> WHAT YOU ARE ASKED TO DO
Only text belongs in your copy of the listing below; reproduce it exactly and leave out the pictures.

> RECORDED DATA
• • • • • • •
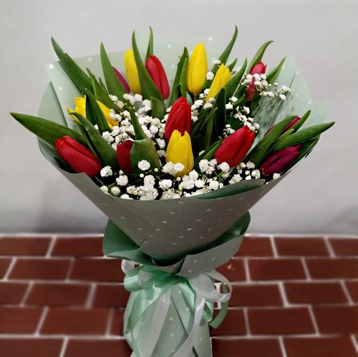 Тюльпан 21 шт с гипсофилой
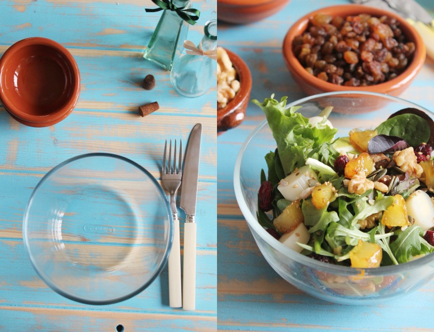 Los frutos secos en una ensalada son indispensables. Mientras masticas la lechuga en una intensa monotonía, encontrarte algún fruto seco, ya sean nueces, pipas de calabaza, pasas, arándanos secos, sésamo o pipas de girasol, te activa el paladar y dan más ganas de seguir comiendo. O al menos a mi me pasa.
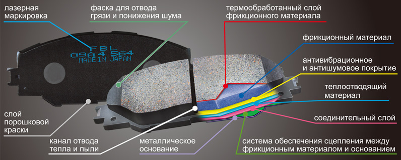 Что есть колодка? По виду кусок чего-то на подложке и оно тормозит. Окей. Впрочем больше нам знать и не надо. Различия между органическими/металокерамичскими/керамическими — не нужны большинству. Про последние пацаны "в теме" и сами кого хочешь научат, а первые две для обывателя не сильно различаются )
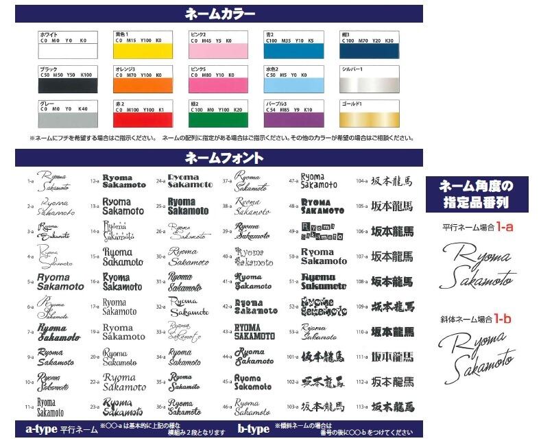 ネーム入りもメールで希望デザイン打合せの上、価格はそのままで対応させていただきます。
• • • • • • •
> OUTPUT BELOW
 Тюльпан 21 шт с гипсофилой
 Los frutos secos en una ensalada son indispensables. Mientras masticas la lechuga en una intensa monotonía, encontrarte algún fruto seco, ya sean nueces, pipas de calabaza, pasas, arándanos secos, sésamo o pipas de girasol, te activa el paladar y dan más ganas de seguir comiendo. O al menos a mi me pasa.
 Что есть колодка? По виду кусок чего-то на подложке и оно тормозит. Окей. Впрочем больше нам знать и не надо. Различия между органическими/металокерамичскими/керамическими — не нужны большинству. Про последние пацаны "в теме" и сами кого хочешь научат, а первые две для обывателя не сильно различаются )
 ネーム入りもメールで希望デザイン打合せの上、価格はそのままで対応させていただきます。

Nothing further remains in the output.